One rural Alaskan facing this reality on both fronts is Gilbert Huntington, a plaintiff in a lawsuit the Alaska Professional Hunters Association and the Sportsmen’s Alliance Federation have filed against the U.S. Department of the Interior in an effort to stop its effort to block state predator management.
“Huntington is a resident of Galena,” a community on the Yukon River in the Interior, the suit says. “He guides hunts on lands within Alaska, including on lands very near Innoko NWR (National Wildlife Refuge) and Koyukuk NWR. He personally hunts for food on Innoko NWR, Koyukuk NWR and nearby areas. (He) is a member of the Athabaskan Native community. He and his family rely on meat he hunts (primarily ungulates, but also a significant amount of bear) for a substantial portion of his caloric intake. It is much more economical for him to hunt for meat in his rural area than to purchase store-bought meat, which is very expensive in rural Alaska. As a member of the Athabaskan community, the ability to continue traditional subsistence uses is of important cultural and religious significance to Mr. Huntington.”

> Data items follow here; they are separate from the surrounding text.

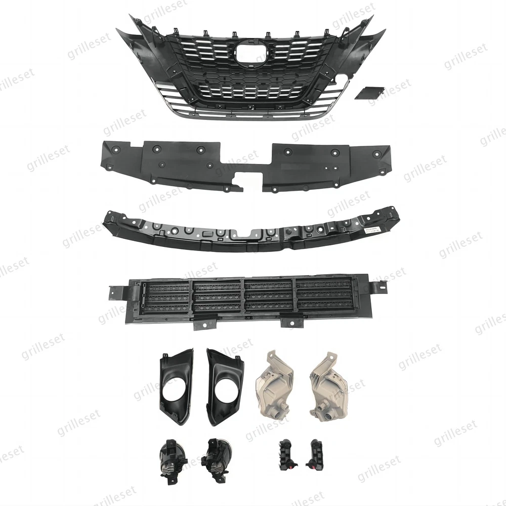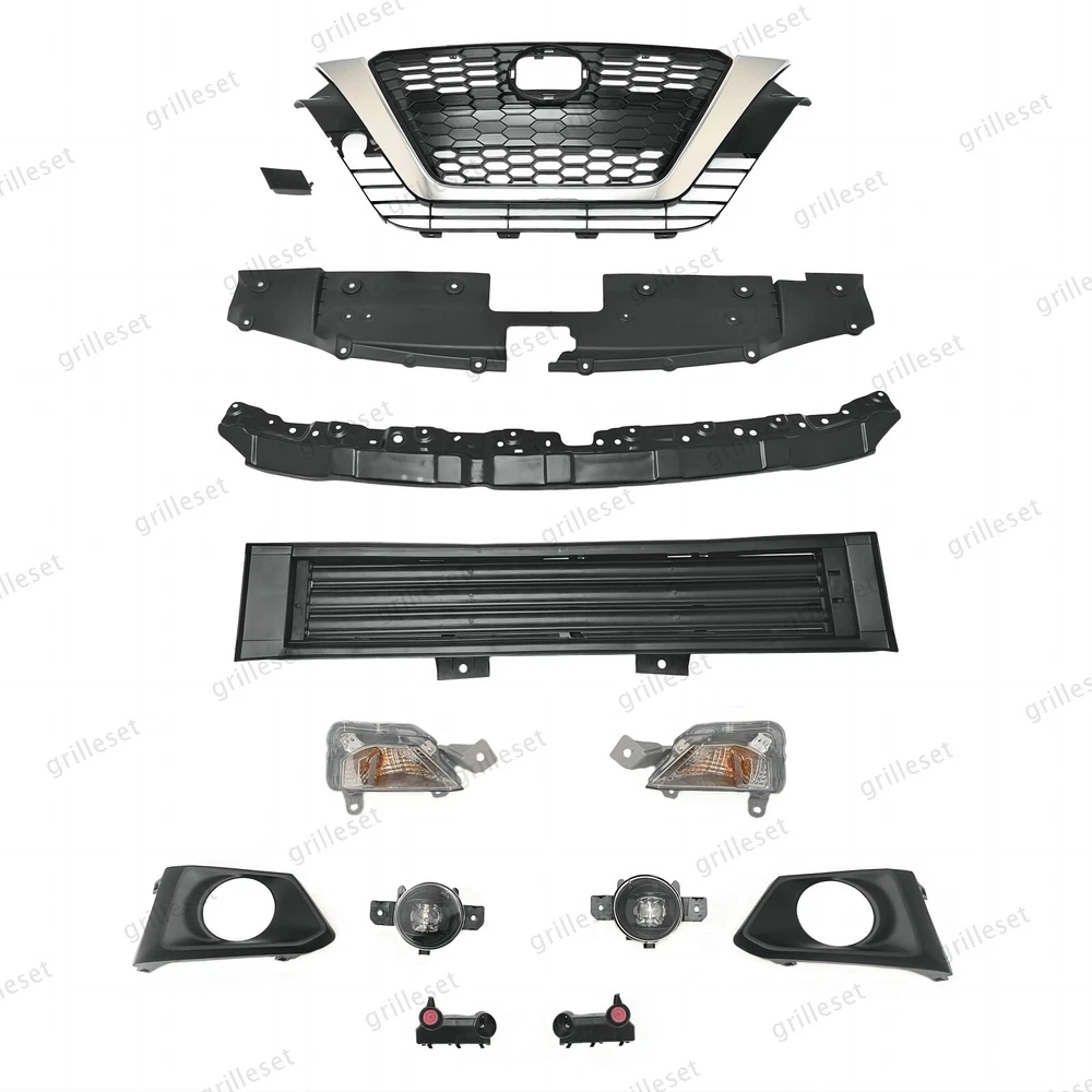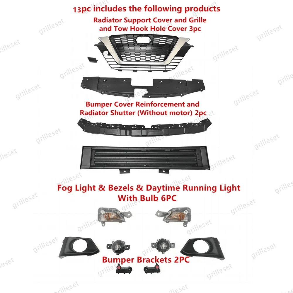 Fit for : 1 Set (13 PCS) Includes:(See more pictures for details) 1 Pc front upper black grille with chrome trim 1 Pc front tow hook hole cover 1 Pc front radiator upper support cover 1 Pc front bumper cover reinforcement 1 Pc front lower grille radiator shutter assembly without motor 2 Pcs front daytime running light with bulb 2 Pcs fog lights with bulb,switch,relay and harness 2 Pcs fog light bezels 2 Pcs front bumper brackets Item OE number : 62310-6CG1A;622A0-6CA0B;62078-6CA1B;62240-6CA0A;62330-6CA0C;26135-6CA0A;26130-6CA0A;62257-6CA0B;62256-6CA0B;26155-6CA0B;26150-6CA0B;62221-6CA0A;62220-6CA0A Installation : Perfect fit direct replacement, no modifications required. Installation manual not provided; we recommend professional installation. Item's-Features : Superior quality kit 100% brand new Made from high-quality materials Excellent replacement part, no modifications needed Other parts fit for
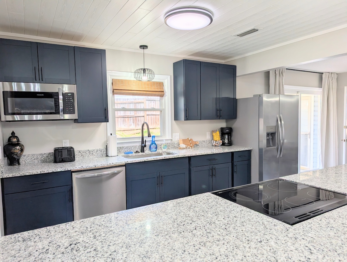 Kick back and relax in this calm, stylish space. This newly remodeled 3BR/2BA home is a fresh, modern retreat designed specifically for those who don't want to compromise on comfort. Every inch of this space features brand-new furnishings, with a King suite and two Queen bedrooms. With a fully stocked kitchen, high-speed Wi-Fi, and a clean, inviting modern vibe, this isn't just a place to crash; it’s a high-quality home base where you can actually relax.
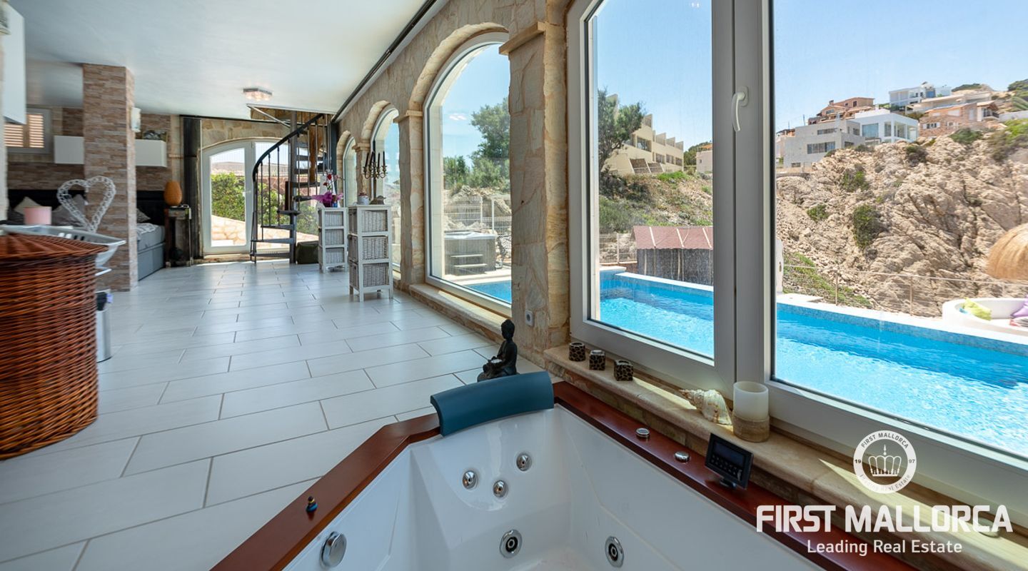 This front line villa is one of the unique properties in the area of Cala Lliteres in the municipality of Capdepera, located directly on the sea front. In total it contains 4 bedrooms, an impressive living room with sea views and the villa has direct access to the beach. Equipped with sauna, gym and a swimming pool with a large solarium with open sea and mountain views. Cala Literes with transparent waters, located in an urban area, has a diving school, the oldest in the area, has a bar service throughout the day, and at night its restaurant offers the possibility to dine a few meters from the sea. This cove is linked to the beach of Cala Agulla by a beautiful promenade that runs along the coast, ideal for enjoying unforgettable full moon nights.
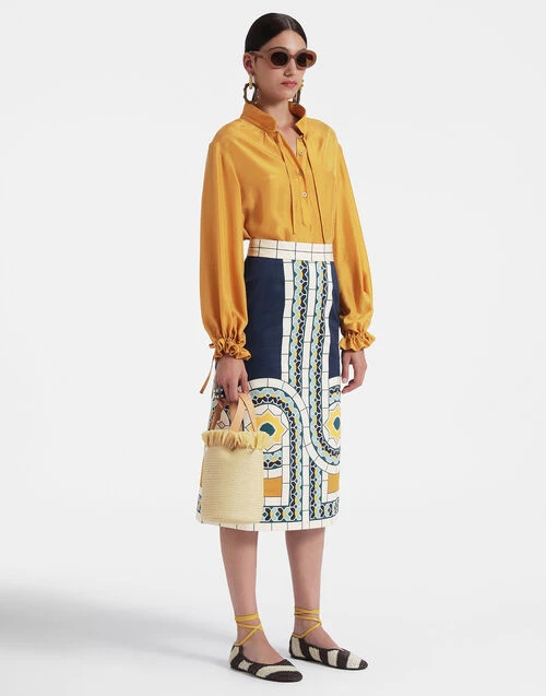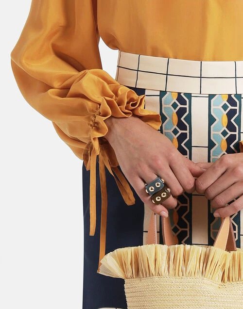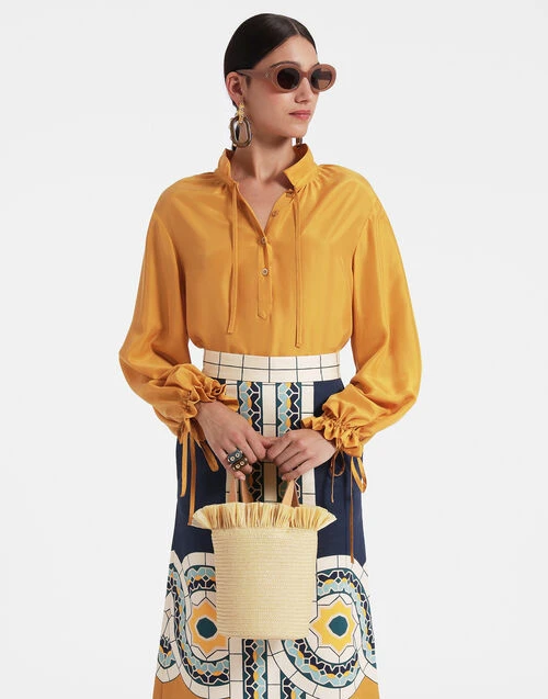 You asked for it, now a shirt version of our iconic Long & Sassy dress is here. With pleating at the back, a ruche-tastic neckline and cuffs secured with little ties, it’s got all the laid-back romanticism you know and love. What’s more, the roomy fit is a suits-all situation. In this ebullient yellow Italian silk, it elevates denim, breaks up print and is a total fail-safe for the office or sleek evening events. A new wardrobe cornerstone, but make it sassy.
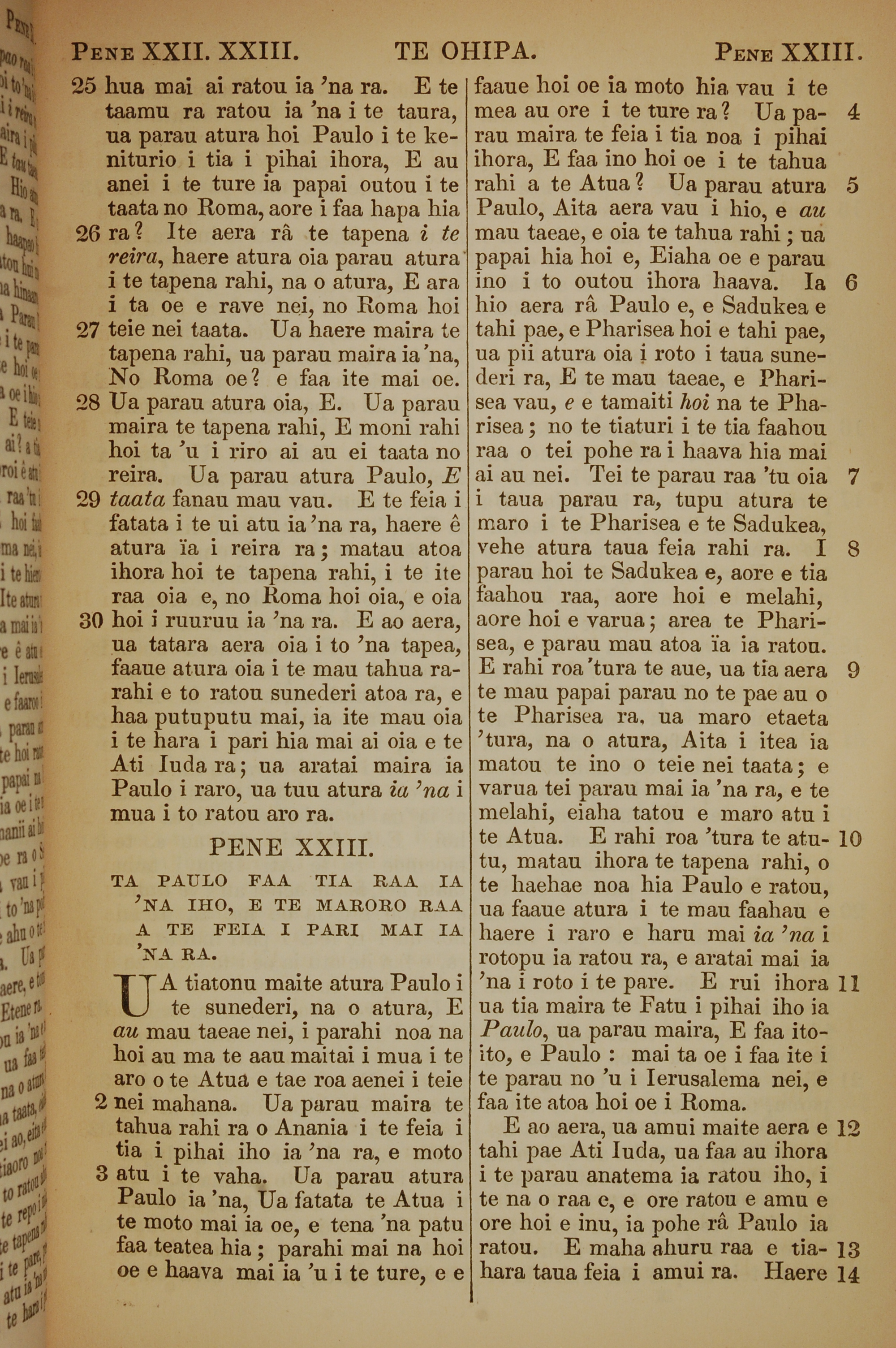 1853年塔希提語新約全書 使徒行傳 22 章 25 節到 23 章 14 節
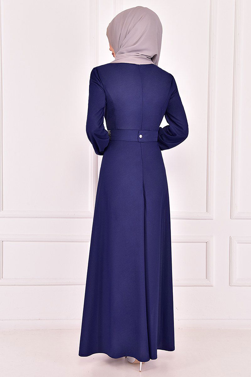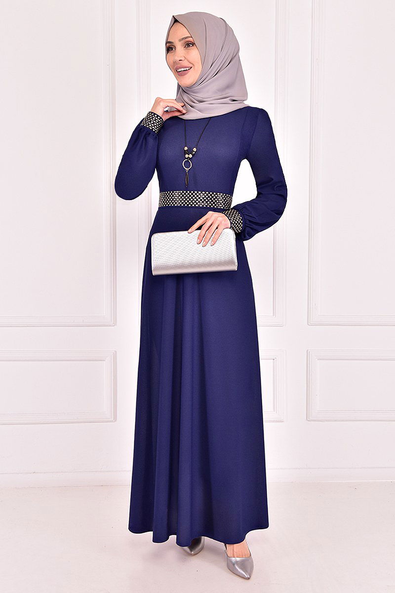 Kolyeli Tesettür Elbise ASM2435-M İndigo
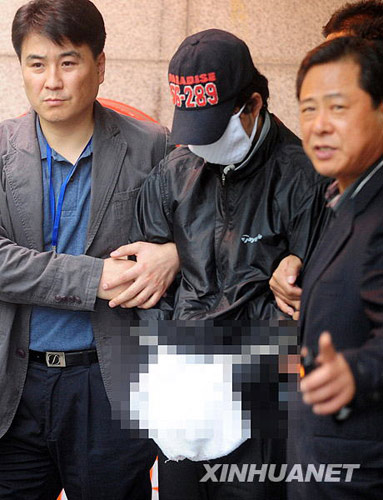 10月23日上午,韓國警方與20日在首爾某旅館制造縱火行兇事件的嫌犯鄭某(戴口罩者)到案發(fā)現(xiàn)場取證。新華社/韓國紐西斯通訊社
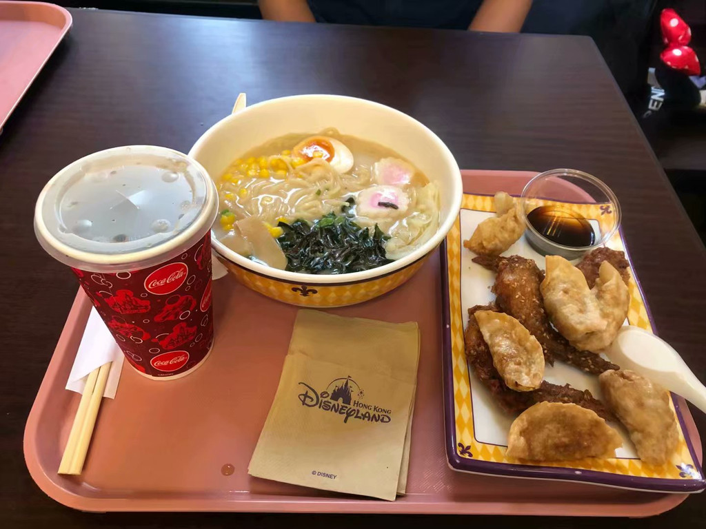 因为入园已经10点多了,排队玩了两个游戏,就到吃饭时间了,刚好旁边就是皇室餐厅,餐厅内部装修也很漂亮,进去补充一下体力再说。刚才正门换了餐票,一张午餐票,点了一个拉面(好像120港币)我和老公不够吃,再叫了一个饺子40多港币,幸好网上订了餐套票。

And the money Huntington makes guiding?
It helps make the difference between supporting himself and collecting some sort of government assistance to survive in an area where the Institute of Social and Economic Research at the University of Alaska found that more than 50 percent of the population had no job in “148 of the roughly 200 Native census places.”
The 50-percent bar, ISER said, was important because “federal welfare reform established a five-year cap on benefits to adult recipients. However, under a provision of federal law, residents of Alaska Native villages with 50 percent or more of adults not working are exempt from that limit, as long as they remain in the communities.”
Suffice to say, there are a lot of people in rural Alaska dependent to greater or lesser degrees on various sorts of federal hand-outs, and federal hand-outs corrode the soul. Huntington and his co-plaintiffs argue that predator management is good for rural Alaska, that when predators numbers are reduced to boost prey numbers, rural Alaskans win.
People are put to work either hunting for themselves for food or making money helping others pursue Alaska wildlife, be it with a gun or a camera. In the case of the gun, most of the meat from guided kills often goes to local assistant guides and packers or community elders. And in the case of the camera, of course, nothing is killed.
That killing predators would boost wildlife viewing opportunities might sound odd to urban Americans, but the reality of natural ecosystems is that it is easier to produce plentiful prey than it is to produce predators, which will never be plentiful. Dependent as the latter are on the size of the prey base, predators will always number a tiny fraction of their prey.
On some level, the predator management argument now underway in the 49th state isn’t about having large numbers of predators versus small numbers of predators; it’s about having small numbers of predators versus smaller numbers of predators.
Or not, because there is – all the scientists agree – that point at which things slide into the predator pit where you have small numbers of prey and tiny numbers of predators.
On another level, however, this isn’t about either of those things. And it isn’t about science. It’s about how animals die. Killing bear cubs or wolf pups – though these are the most common victims in natural ecosystems powered by the death of the young – is frowned upon. So, too, shooting animals from airplanes or trapping them to die a less than instant death.
Because it’s easy to get caught up in how animals die versus why. Because animals seem so innocent and vulnerable in a world where people, if you read the news which with today’s heavy focus on crime and politics, seem so cruel and ruthless.